To create a Kubernetes secret with Azure credentials:

kubectl create secret generic --from-literal=token="$AZURE_STORAGE_TOKEN" ms-creds

I want to learn more about Kubernetes Secrets.

kdb Insights Stream

Reads data from a kdb Insights Stream

kdb Insights Stream reader properties

See APIs for more details

q API: .qsp.read.fromStream • Python API: kxi.sp.read.from_stream

Insights streams

Optional Parameters:

name	description	default
Table	Filter incoming messages to show only messages for the specified table. If no filter is provided, all messages in the stream are consumed

To read data from a stream, an assembly must be provided. This is done at pipeline deploy time. When you click the Deploy button and select the Assembly Integration tab. On this page, you need to set the assembly name and topic name.

Deploy dialog assembly integration

Amazon S3

Reads an object from Amazon S3

Amazon S3 reader properties

See APIs for more details

q API: .qsp.read.fromAmazonS3 • Python API: kxi.sp.read.from_amazon_s3

Required Parameters:

name	description	default
Path	Click the "+" button to add one or more paths to read from an Amazons S3 cloud storage bucket

Optional Parameters:

name	description	default
Region	The AWS region of the bucket to authenticate against	`us-east-1`
File Mode	The file read mode. Setting the file mode to `Binary` will read content as a byte vector. When reading a file as `text`, data will be read as strings and be split on newlines. Each string vector represents a single line. Note that reading as `Binary` will work for both text and binary data, but reading as `Text` will only work for text data.	`Binary`
Offset	A byte or character offset to start reading at.	`0`
Chunking	Splits file into smaller batches. `Auto` will read file size and determine if it should be chunked.	`Auto`
Chunk Size	File size of chunks when chunking is enabled.	`1MB`
Use Authentication	Enable Kubernetes secret authentication.	No
Kubernetes Secret*	The name of a Kubernetes secret to authenticate with Azure Cloud Storage.
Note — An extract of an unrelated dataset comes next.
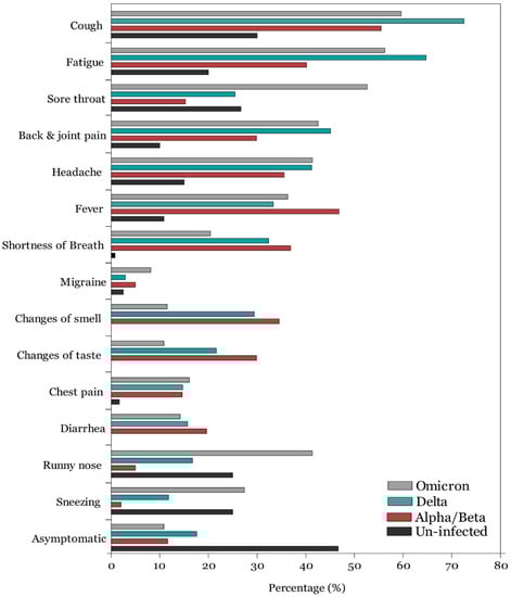 Overall, 10.82% (45/416) of COVID-19 infected individuals were asymptomatic in the omicron variant group compared to 17.65% (18/102) and 11.63% (35/301) in the delta and alpha/beta variants, respectively (Figure 1; Table S1 in Supplementary File) with no statistically significant differences among groups (p = 0.676). Among symptomatic individuals and those infected during the alpha/beta variant period, as reported in our previous study, the most frequently reported symptoms were cough, fever, fatigue, breathing difficulties, loss of smell, loss of taste, and back and joint pain. Among those infected during the delta variant, the most frequently reported symptoms were cough (72.54%), fatigue (64.71), headache (41.18%), back and joint pain (45.09%), fever (33.33%), breathing difficulties (32.35%), loss of smell (29.41%), and sore throat (25.49%). In contrast, among those infected with the omicron variant, the most frequently reported symptoms were cough (71.42%), fatigue (56.25%), sore throat (52.64), back and joint pain (42.55%), headache (41.38%), runny nose (41.34%), and sneezing (27.40%). Overall, loss of smell [OR = 0.25, 95% CI: 0.17–0.36)] and loss of taste [OR = 0.284, 95% CI: 0.19–0.42), p < 0.001] were significantly less prevalent during the omicron variant period compared to the alpha/beta and delta variants. In contrast, sore throat [OR = 6.16, 95% CI: 4.26–8.91, p < 0.001], runny nose [OR = 13.44, 95% CI: 7.72–23.40, p < 0.001], and sneezing [OR = 18.56, 95% CI: 8.04–42.84, p < 0.001] were significantly more prevalent during the omicron variant predominance period.

* If Use Authentication is enabled.

Amazon S3 Authentication

To access private buckets or files, a Kubernetes secret needs to be created that contains valid AWS credentials. This secret needs to be created in the same namespace as the kdb Insights Enterprise install. The name of that secret is then used in the Kubernetes Secret field when configuring the reader.
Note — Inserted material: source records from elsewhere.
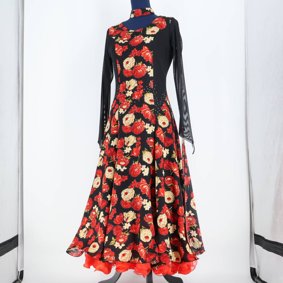 | 商品説明 | 【商品名】社交ダンス衣装 ワンピース ドレス 【サイズ】表記無し 平置き実測:総丈約123cm(裾~肩部まで)、身幅約44cm、ウエスト約34cm ※実測の為、多少の誤差はご容赦願います ※9号のトルソーに少し余裕のあるサイズ感です 【仕様】 ・背面ファスナー仕様 ・若干の伸縮性有り ・胸パッド無し ・肩パッド無し ------------------------------------ 【ポイント】 ▽prima boutique プリマブティック ▽黒×赤×ラメの華やかなデザイン ▽発表会やパーティ用として ------------------------------------ 【撮影時使用トルソー:女性用トルソー9号(一般的に使用されるサイズです)】 トルソーサイズ詳細 肩幅約37cm、バスト約88cm、ウエスト約66cm、ヒップ約89cm |
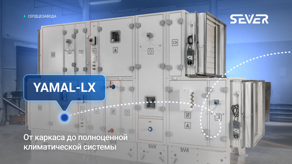 Представьте, вы оформили заказ на заводе SEVER — для вас процесс завершён. А вот для кондиционера его путь на производстве только начинается. Рассмотрим на примере кондиционера Yamal LX со встроенной автоматикой: — Склады Бронируем комплектующие: рабочее колесо вентилятора, электродвигатель, теплообменники, элементы КИПиА и др. — Участок заготовки Рубка и гибка металла. Изготавливаем элементы каркаса и внутренние детали: рамы, кронштейны, перегородки, направляющие, кинематику для клапанов. — Участок резки профиля Режем алюминиевый S- и Т-образный профиль для элементов каркаса и поворотных створок клапанов. — Токарный участок Изготавливаем оси вращения створок клапана. — Участок полимерно-порошкового окрашивания Окрашиваем стойки, ригели, опорные рамы, направляющие и другие элементы каркаса. Когда все комплектующие готовы, то формируем заказ-наряды и переходим к сборке. — Участок сборки Собираем каркас с негорючей теплошумоизоляцией и уплотнителями. Монтируем вентагрегат, шумоглушители,
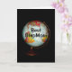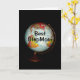 Un globe antique coloré, photographié sur un fond noir est le sujet de ma carte de fête des mères "Joyeuse fête des mères à la meilleure belle-mère sur Terre !". "Meilleure belle-mère" en lettres noires sur la face du globe complète la carte.

To create a Kubernetes secret containing AWS credentials:

kubectl create secret generic --from-file=credentials=<path/to/.aws/credentials> <secret-name>

Where <path/to/.aws/credentials> is the path to an AWS credentials file, and <secret-name> is the name of the Kubernetes secret to create.
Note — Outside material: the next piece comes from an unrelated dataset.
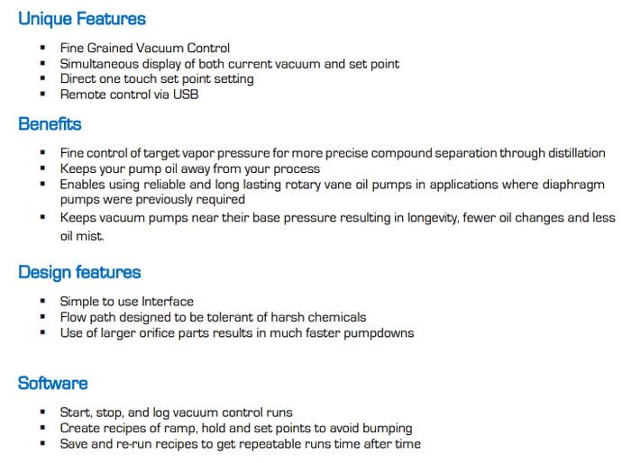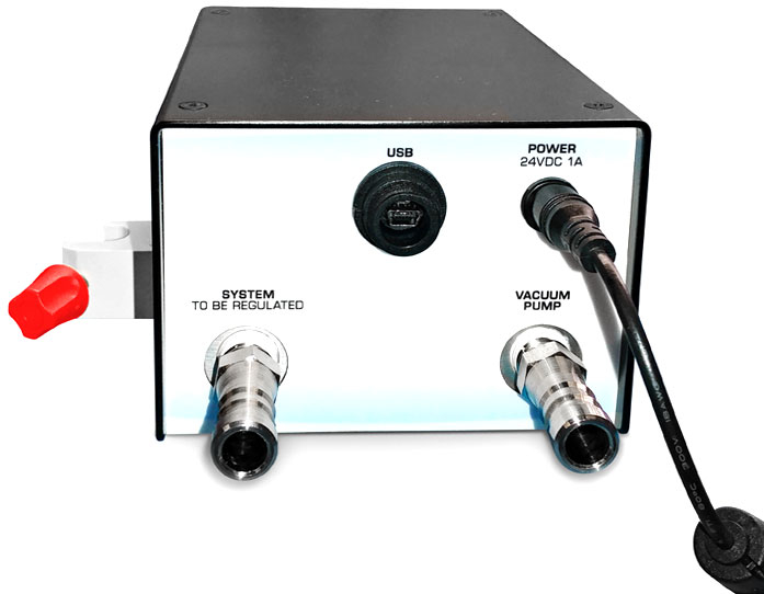The front of the gauge is similar in terms of being straightforward. It has displays of both your current vacuum and chosen setpoint, as well as a numerical up/down control, regulation button, and power switch. Just hook your vacuum pump to one side, the rotovap to the other side and plug it in. If youd like specific ramp rates and time duration, then install the free software, hook up the USB to connect the unit to the computer hosting the software and you can set up your process profile. The vacuum system is what you are going to regulate, an example being your rotovap, vessel, flask or vacuum oven. Once the unit is set up and regulating, the process can also be observed within the software, thus telling you how your system and pump are performing.

Note that this only needs to be done once, and each subsequent usage of the Amazon S3 reader can re-use the same Kubernetes secret.

PostgreSQL

Execute a query on a PostgreSQL database

PostgreSQL reader properties

See APIs for more details

q API: .qsp.read.fromPostgres • Python API: kxi.sp.read.from_postgres

Required Parameters:

name	description	default
Server	The hostname of the database to issue a query against.
Port	The port to use for connecting to the database server.
Database	The name of the database to issue a query against in the target server.
Query	An SQL query to issue against the target database for pulling data into the pipeline.

Optional Parameters:

name	description	default
Username	The user account to use when establishing a connection to a PostgreSQL server. Note that if the username is provided, a password prompt will appear during deploy time.

SQL Server

Execute a query on a SQL Server database

SQL Server reader properties

See APIs for more details

q API: .qsp.read.fromSQLServer • Python API: kxi.sp.read.from_sql_server

Required Parameters:

name	description	default
Server	The hostname of the database to issue a query against.
Port	The port to use for connecting to the database server.
Database	The name of the database to issue a query against in the target server.
Query	An SQL query to issue against the target database for pulling data into the pipeline.

Optional Parameters:

name	description	default
Username	The user account to use when establishing a connection to SQL Server instance. Note that if the username is provided, a password prompt will appear during deploy time.